Click to view visualization code
# Plot accuracy
plt.figure(figsize=(12, 4))
plt.subplot(1, 2, 1)
plt.plot(history.history['accuracy'], label='Train Accuracy')
plt.plot(history.history['val_accuracy'], label='Val Accuracy')
plt.title('Accuracy over epochs')
plt.xlabel('Epoch')
plt.ylabel('Accuracy')
plt.legend()
# Plot loss
plt.subplot(1, 2, 2)
plt.plot(history.history['loss'], label='Train Loss')
plt.plot(history.history['val_loss'], label='Val Loss')
plt.title('Loss over epochs')
plt.xlabel('Epoch')
plt.ylabel('Loss')
plt.legend()
plt.show()
7. Making Predictions
Use the trained model to make predictions on new data.
Implementation:
# Predict on test data
predictions = model.predict(X_test)
# Convert predictions to class labels
predicted_classes = np.argmax(predictions, axis=1)
true_classes = np.argmax(y_test, axis=1)
# Display some predictions
def display_predictions(X, y_true, y_pred, num_samples=5):
plt.figure(figsize=(10, 2))
for i in range(num_samples):
plt.subplot(1, num_samples, i+1)
plt.imshow(X[i].reshape(28, 28), cmap='gray')
plt.title(f"True: {y_true[i]}\nPred: {y_pred[i]}")
plt.axis('off')
plt.show()
display_predictions(X_test, true_classes, predicted_classes)
8. Saving and Loading the Model
Learn how to save your trained model for future use.
Implementation:
# Save the model
model.save('mnist_cnn_model.h5')
# Load the model
from tensorflow.keras.models import load_model
loaded_model = load_model('mnist_cnn_model.h5')
# Verify loaded model performance
loss, accuracy = loaded_model.evaluate(X_test, y_test)
print(f"Loaded model accuracy: {accuracy:.4f}")

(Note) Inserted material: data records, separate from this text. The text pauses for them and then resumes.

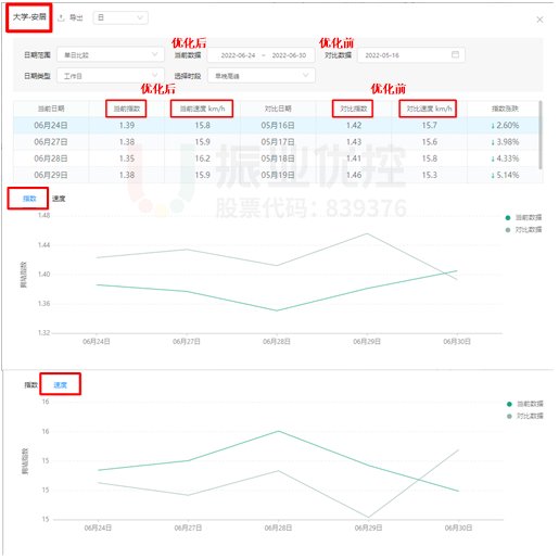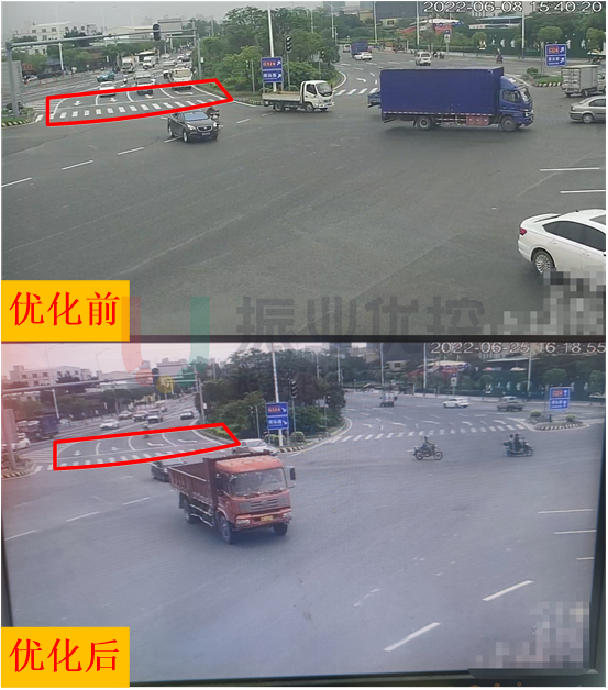 優(yōu)化后,晚高峰東進口出城及早晚高峰金鳳西路進城車輛的排隊長度減少,左轉(zhuǎn)車道飽和度下降40%,路口通行效率明顯提升。路口早晚高峰時段整體擁堵指數(shù)下降4.01%,通行速度提升3%。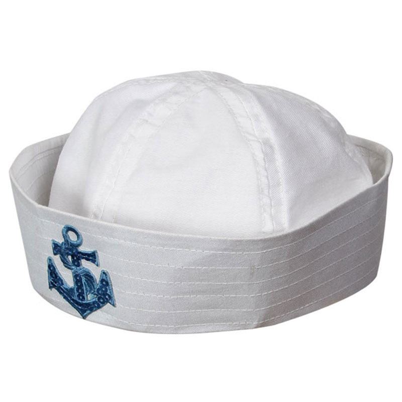 Vit Matroshatt omfattar en vit sjömanshatt tillverkad av vitt tyg med styvare tyg ovanpå för en stabil form. Hatten är dekorerad med ett blåpaljetterat ankaremblem på framsidan.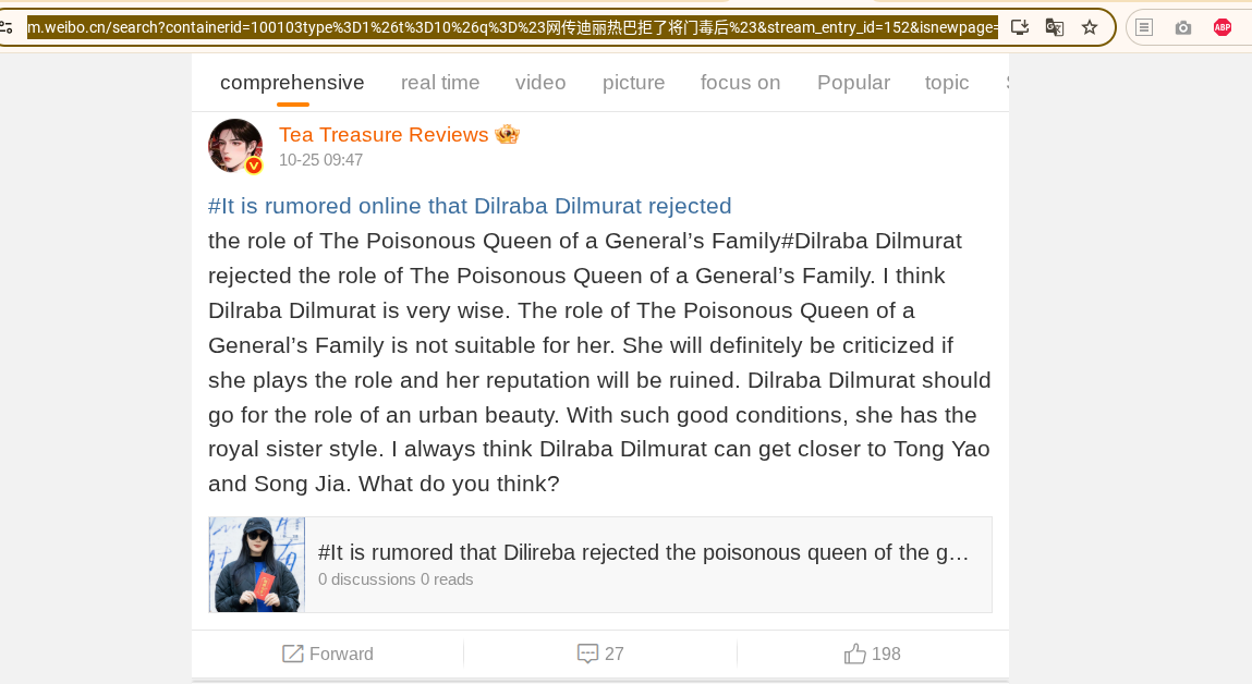 Menariknya, dua hari sebelumnya, pada 24 Oktober, muncul rumor di Weibo yang menyebutkan bahwa Dilraba Dilmurat menolak tawaran membintangi drama tersebut. Seorang pengguna Weibo menulis, “Kudengar Dilraba Dilmurat menolak membintangi The Poisonous Queen of a Military Family. Apa pun hasil akhirnya, dia memang selalu pandai memilih naskah! Dari peran klasik sampai modern, dari karakter lembut sampai mandiri, dia selalu tahu mana yang paling cocok untuk dirinya. Mungkin kali ini dia menolak karena ada proyek lain yang lebih sesuai. Mari kita tunggu kejutan darinya berikutnya!”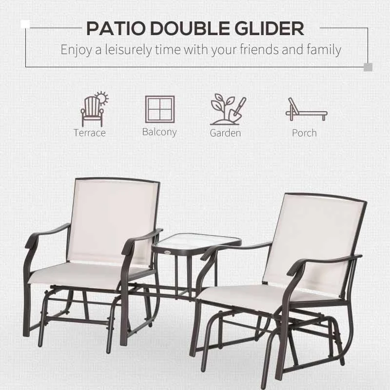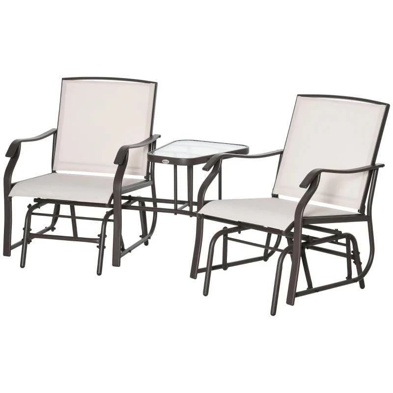 If you are looking for a modern design piece of furniture to complement your outdoor living space, this Outsunny rocking garden chair set is the one for you. Constructed from a strong metal powder coated frame, this garden bench will last for years to come. Covered in a texeline material, it will be protected from the elements by draining water and will circulate air to keep you cool on warm summer days. The gliding arms will gently rock you back and forth keeping you completely relaxed for hours on end. With a deep seat, high back and curved arm rest, this garden chair will keep you supported and comfortable all day long. Complete with a tempered glass central table perfect for you and a friend to rest your drink or book.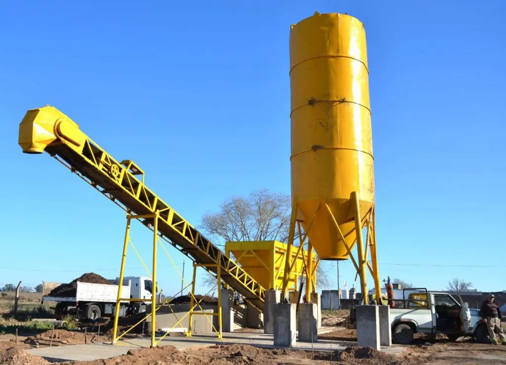 La Municipalidad de Villa Cañás dio un paso más en la construcción de la planta hormigonera municipal. Ayer se colocaron el silo para almacenar cemento y la cinta transportadora.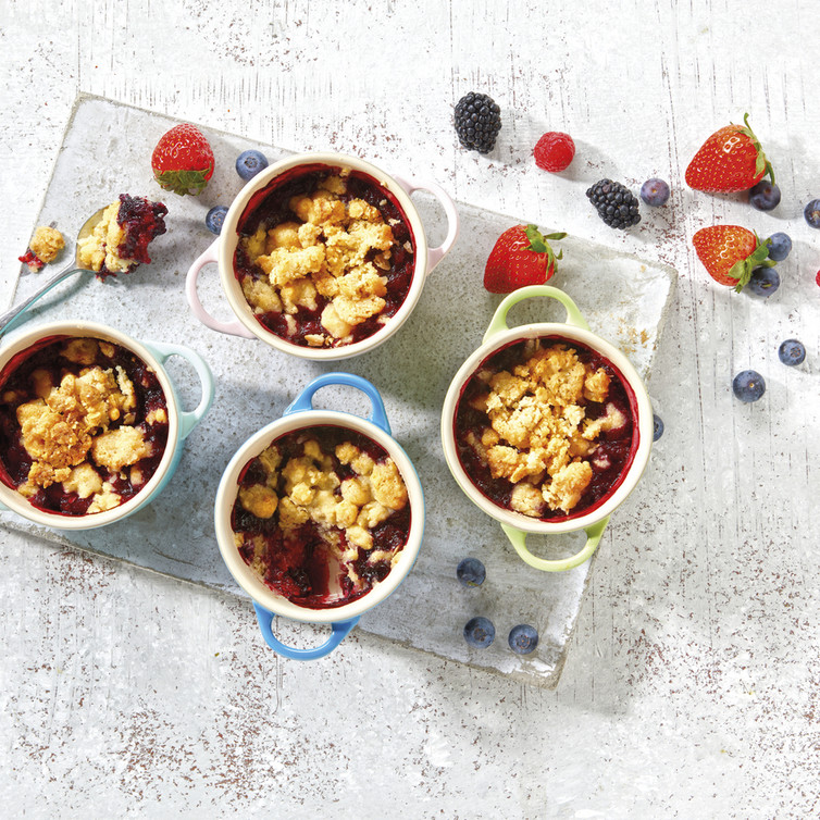 Von der Margarine mit dem Pinsel etwas abnehmen und 4 flache Portionsauflaufförmchen damit ausstreichen. Die Beeren direkt hineingeben.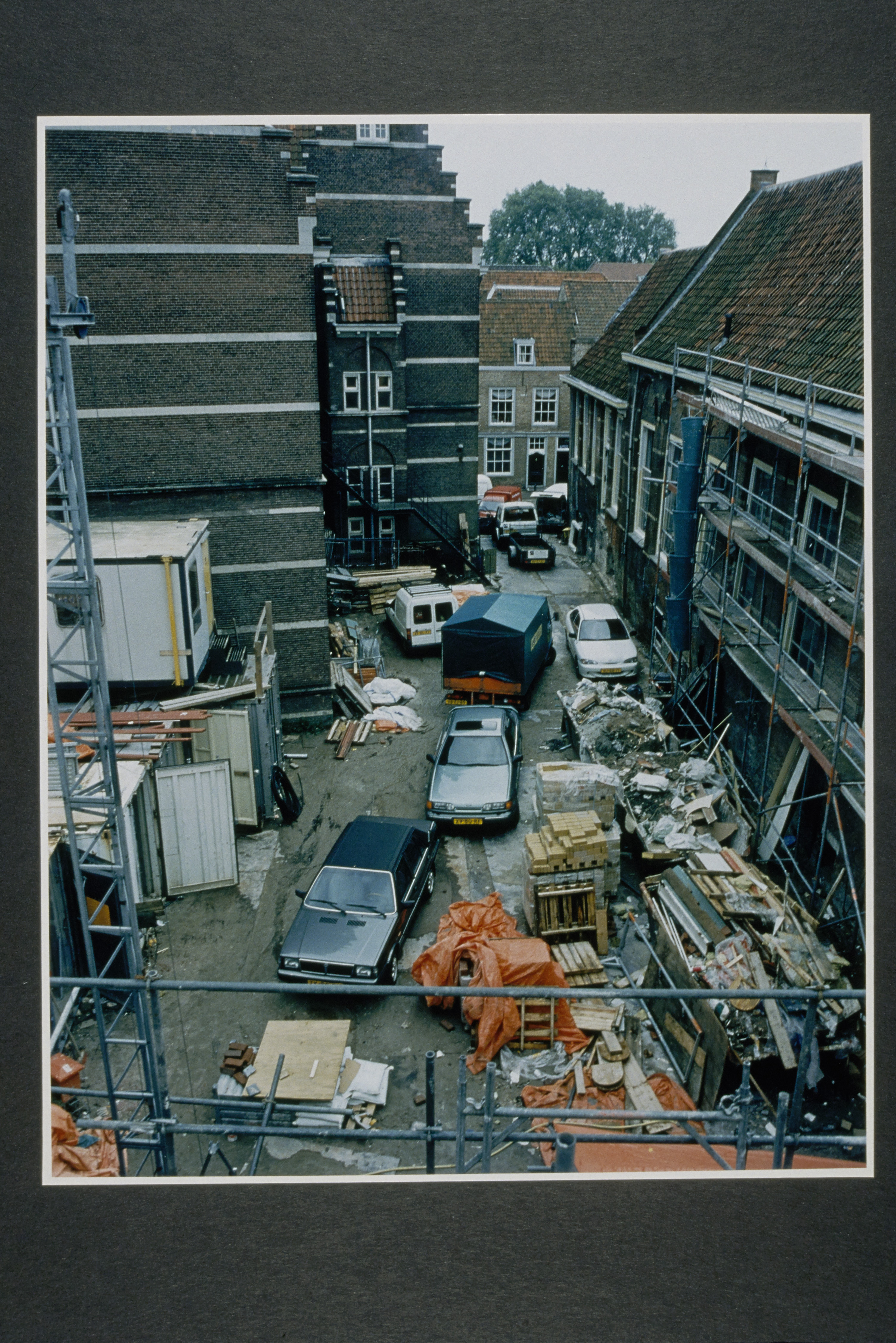 Restauratie van de Berckepoort gezien richting Hofstraat. Links de Augustijnenkerk.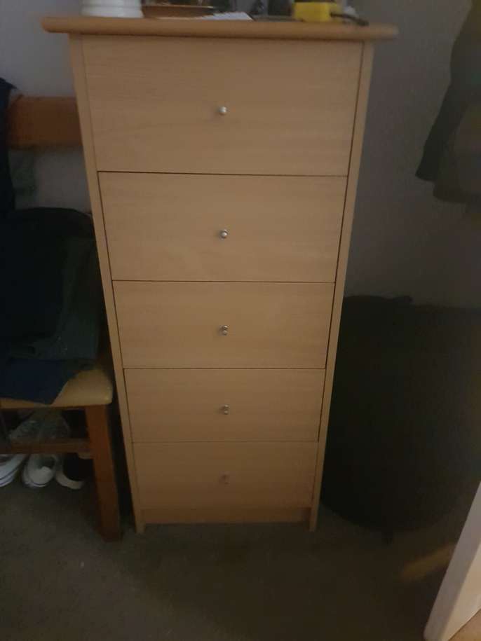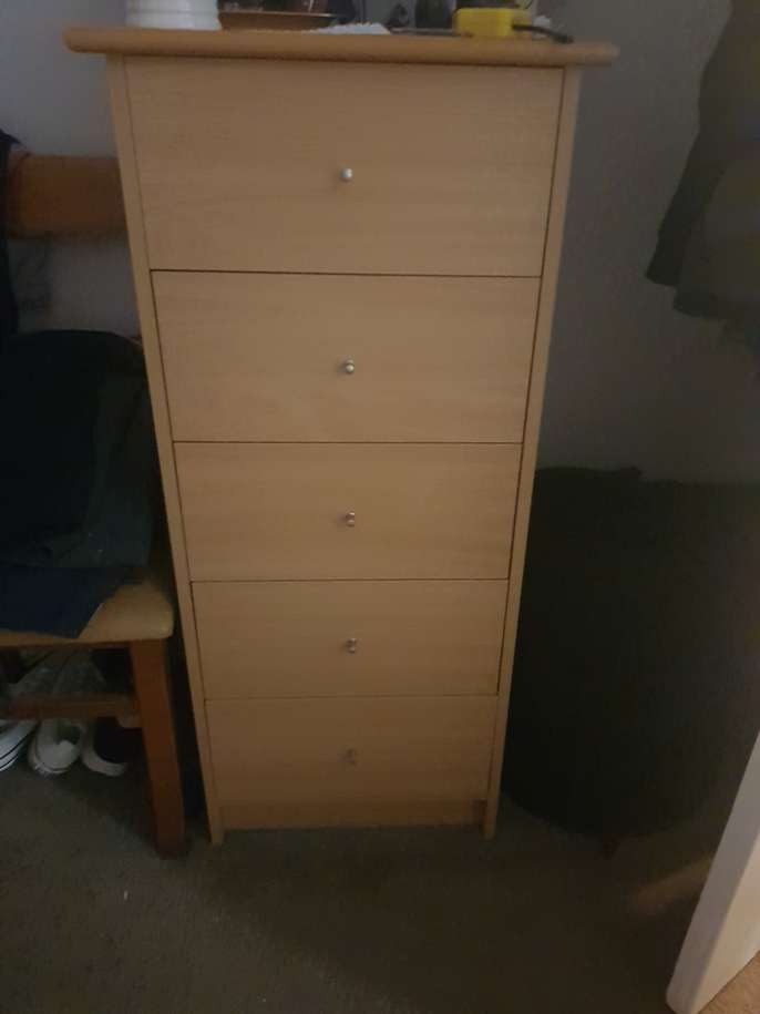 Tall chest drawers in good condition H 42 " W 17 " D 15 " Pick up only from Chislehurst area cash on pick up from a smoke free environment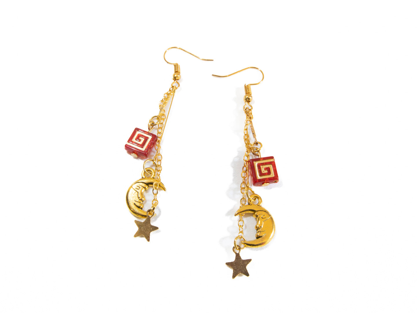 Add a touch of cosmic elegance to your look with these enchanting gold-plated dangle earrings. Featuring a delicate arrangement of celestial motifs, each earring is adorned with a serene crescent moon and a charming star suspended gracefully on fine chains. A striking red square bead with a golden spiral detail adds a bold pop of color and a hint of mystique.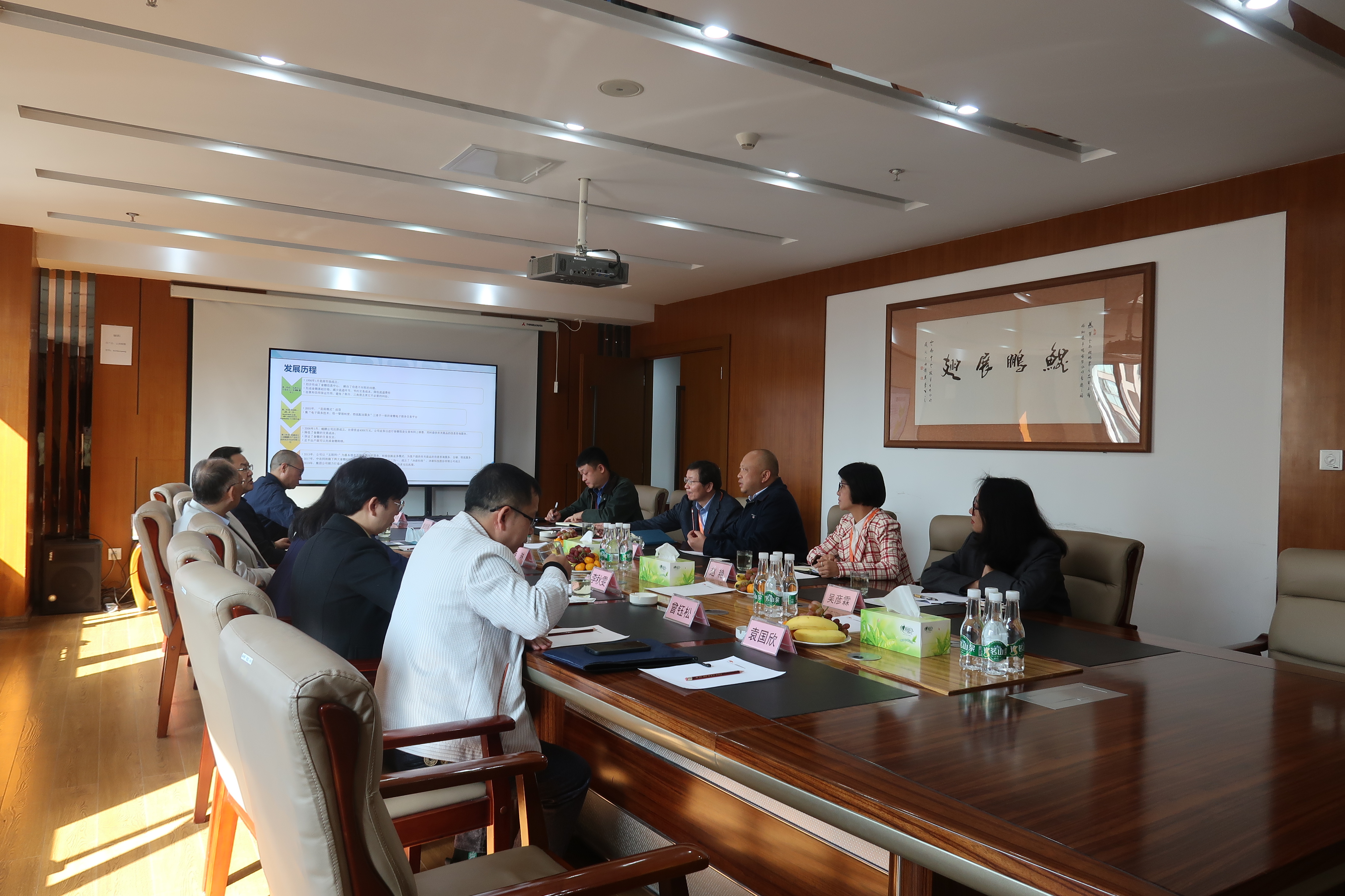 中农网副总裁高文带领沐甜科技云南鲲鹏公司同事,接待了云南省国有资本运营有限公司薛琳董事长一行,双方分别从公司历史沿革、业务板块发展、未来发展规划等各方面进行了介绍,加深了相互了解,表达了良好的加强合作的意愿。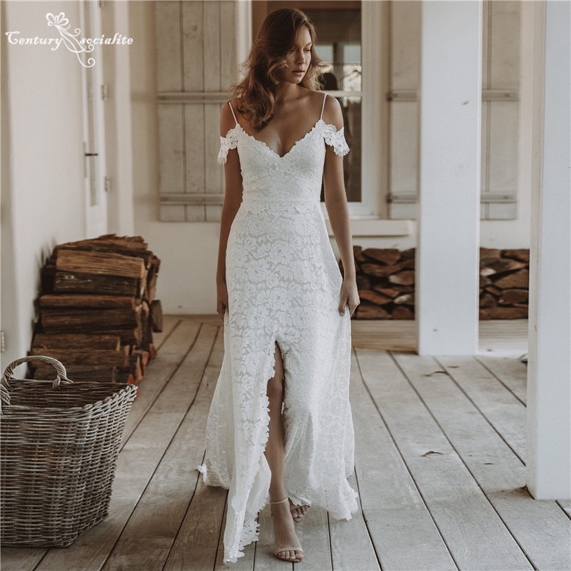 Beach Wedding Gowns Boho Bride Dress with Slit Spaghetti Straps Backless Off Shoulder Bohemian Bride Gowns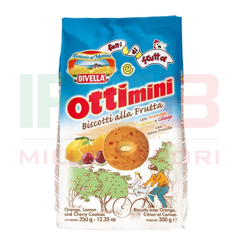 Biscotti ottimini con la frutta DIVELLA - Kruche ciasteczka z owocami (pomarańcz, cytryna, czereśnia) 350gr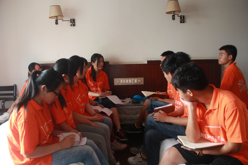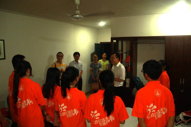 出征前,团队指导老师何所惧联系去年我校与铜陵市郊区共建的大学生社会实践基地,郊区团委积极帮助联系铜陵市环保局、气象局等相关部门,为团队开启实践奠定基础。团队抵达铜陵后,全体队员分工协作,详细讨论并完善了活动方案、物资筹备、执行地点、注意事项、意外预案等。傍晚,铜陵团市委书记李波、学少部部长陈岑、铜陵郊区团委书记王小将等来到团队驻地,对安师大生科院志愿者的到来表示欢迎并给予亲切问候。李书记一行为队员带来了西瓜、饮料等,细心了解团队的食宿问题,亲切和蔼的说:“如果你们有什么困难尽管找我们帮忙!”同时,他向所有志愿者表达了对大学生参加暑期社会实践的鼓励与支持,希望同学们能够在实践中受教育、长才干、做贡献。李书记朴实无华、温暖人心的话语,不断赢得在场所有人的热烈掌声。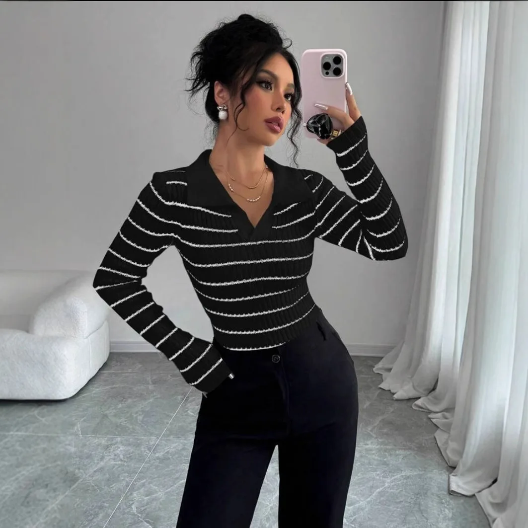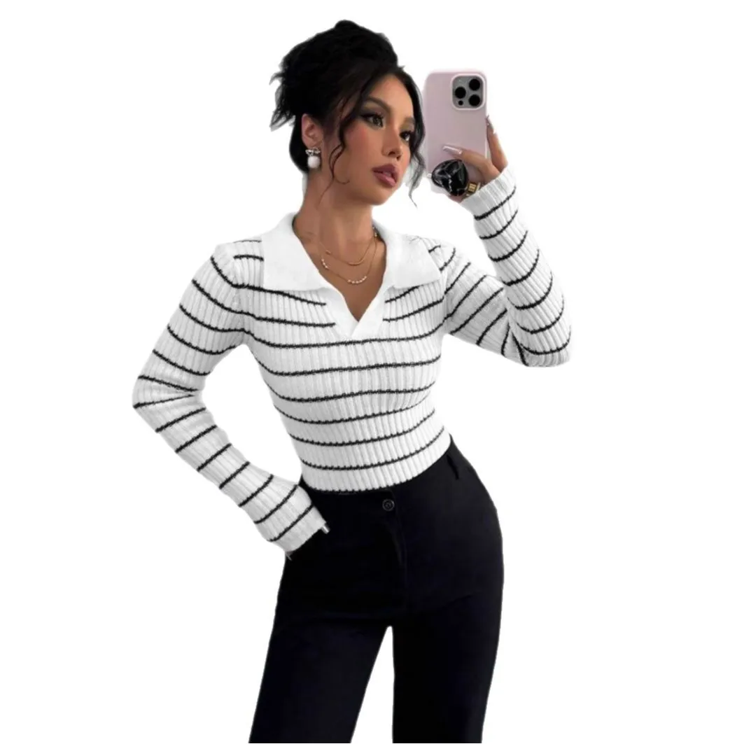 Wholesale Price Spicy Girl Striped Long Sleeve T-Shirt Fashion Style Women's Slim Fit Base Knitted Sweater for Winter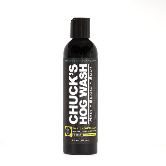Chuck's Hog Wash is an all natural daily wash for your beard, body, and hair. It is gentle enough for all skin types and will leave your skin and hair soft and healthy. It is available in all of our regular oil and balm scents.

9. Experimenting with Model Improvements
Explore ways to improve the model’s performance.
Suggestions:
- Add more convolutional and pooling layers
- Experiment with different activation functions
- Adjust the number of epochs and batch size
- Implement data augmentation using
ImageDataGenerator
Click to view data augmentation example
from tensorflow.keras.preprocessing.image import ImageDataGenerator
# Define data generator with augmentation
datagen = ImageDataGenerator(
rotation_range=10,
zoom_range=0.1,
width_shift_range=0.1,
height_shift_range=0.1
)
# Fit the generator to the training data
datagen.fit(X_train)
# Retrain the model using the data generator
history_aug = model.fit(
datagen.flow(X_train, y_train, batch_size=128),
epochs=10,
validation_data=(X_test, y_test)
)
10. Conclusion
In this project, you built a simple image classification model using a convolutional neural network. You learned how to preprocess image data, define a CNN architecture, train and evaluate the model, and visualize the results. This foundational project provides the essential skills needed to progress to intermediate-level computer vision projects, where you’ll work with more complex datasets and advanced techniques.
Next Steps and Improvements
To further enhance your skills and prepare for intermediate projects, consider the following:
- Work with Different Datasets: Try other datasets like CIFAR-10 or Fashion-MNIST to deal with colored images and more classes.
- Explore Advanced Architectures: Learn about deeper networks like VGG, ResNet, or MobileNet.
- Implement Transfer Learning: Use pre-trained models and fine-tune them for your specific tasks.
- Hyperparameter Tuning: Experiment with different optimizers, learning rates, and regularization techniques.
- Model Deployment: Learn how to deploy your model using Flask or TensorFlow Serving.